La société SAMSUNG ELECTRONICS France, ci-après SAMSUNG, assurée auprès de la compagnie WHITE ROCK, a confié à la société VERY FRET, en sa qualité de commissionnaire de transport, l’acheminement de téléviseurs à enlever chez son prestataire logistique.
La société VERY FRET a affrété la société TAB 89 pour procéder au transport.
Alors que le camion était stationné en cours de voyage sur un site où la société TAB 89 dispose de trois emplacements pris à bail, la marchandise a été volée dans le camion.
SAMSUNG a été intégralement indemnisée de son préjudice, estimé à la somme de 100 314,46 €, par son assureur qui se déclare subrogé dans ses droits.
WHITE ROCK n’ a été indemnisé ni par le commissionnaire VERY FRET, ni par l’assureur de ce dernier AXA, ni par le transporteur TAB 89.
C’est ainsi que se présente le litige.
Le tribunal, en premier lieu, constate que l’indemnisation de SAMSUNG par son assureur a été totale, que SAMSUNG n’a plus d’intérêt à agir dans la présente cause, et que WHITE ROCK est valablement subrogée dans les droits de SAMSUNG.
Le tribunal retient que le transporteur a une obligation de résultat et est donc responsable de la perte de la marchandise, mais il convient de déterminer si celui-ci a commis une faute inexcusable, seule susceptible d’écarter les limitations légales des indemnités à la charge du transporteur.

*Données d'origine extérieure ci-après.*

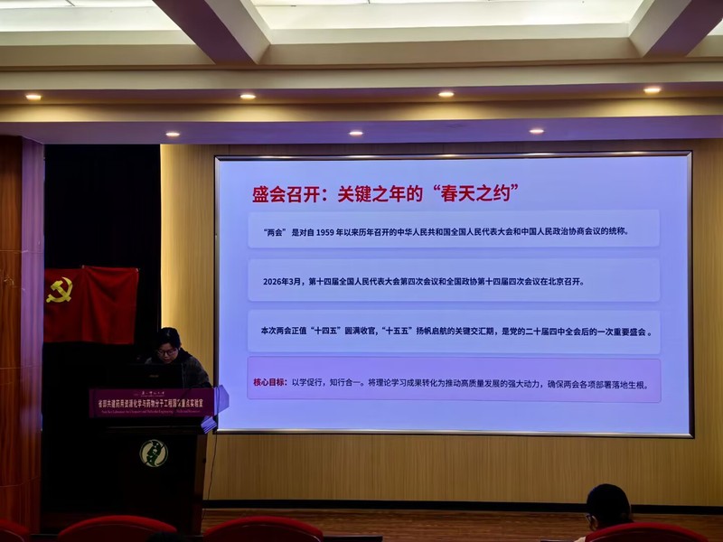 为深入学习2026年全国两会精神,化学与药学学院研究生第三党支部于2026年3月19日在国重楼2号楼101会议室开展“学习2026年全国两会精神,学深悟透精神实质,凝聚奋进磅礴力量”主题党日活动。研究生第三党支部全体党员积极参加本次活动,由曾远微同志担任主持人。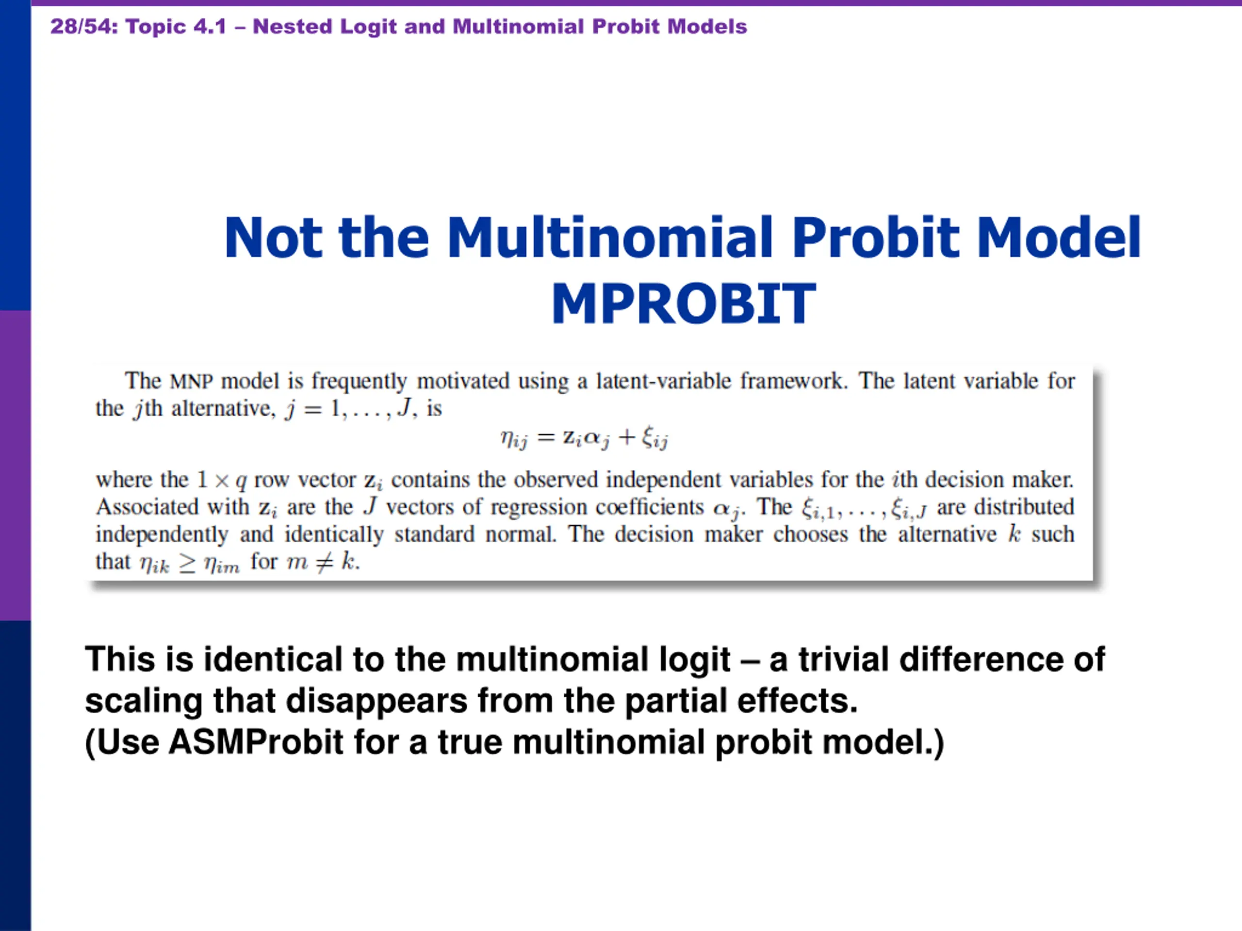 28/54: Topic 4.1 Nested Logit and Multinomial Probit Models Not the Multinomial Probit Model MPROBIT This is identical to the multinomial logit a trivial difference of scaling that disappears from the partial effects. (Use ASMProbit for a true multinomial probit model.)

Le code de commerce (article L.133-8) définit comme inexcusable « la faute délibérée qui implique la conscience de la probabilité du dommage et son acceptation téméraire sans raison valable » ; le tribunal note que rien ne permet de caractériser une faute délibérée car, si le semi-remorque devait être stationné dans un lieu sécurisé et gardienné, tel était bien le cas.
De même, rien ne permet de caractériser une faute inexcusable dans la mesure où le transporteur pouvait ignorer la valeur de la marchandise transportée car la seule indication qui lui a été fournie était « marchandise sensible » ; il ne peut être retenu que le transporteur avait conscience de la probabilité du dommage puisqu’il ignorait la valeur de la marchandise transportée.
Enfin, pour être inexcusable, l’acceptation du risque du dommage entraîné par la faute doit avoir été téméraire et, dans le cas présent, le transporteur n’a pas pris de risque de manière téméraire puisque le site où il s’est arrêté lui était connu et qu’il y faisait régulièrement halte.
Le tribunal retient que TAB 89 n’a pas commis de faute inexcusable et qu’en conséquence l’application des plafonds d’indemnisation pour la réparation du dommage subi, soit la somme de 9 000 €, est déterminée par le contrat type des transports publics en l’absence de contrat de transport spécifique.
Enfin, le commissionnaire VERY FRET est responsable de sa faute personnelle éventuelle comme de celle de ses substitués. Le commissionnaire a sous-traité le transport à TAB 89 en transmettant les directives fournies par SAMSUNG et en agissant conformément au contrat cadre qui le lie à SAMSUNG ; aucune faute personnelle ne peut donc être retenue. Néanmoins, VERY FRET supporte la même responsabilité que son substitué TAB 89.
Le tribunal condamne solidairement TAB 89, VERY FRET et AXA à payer à WHITE ROCK la somme de 9 000 €.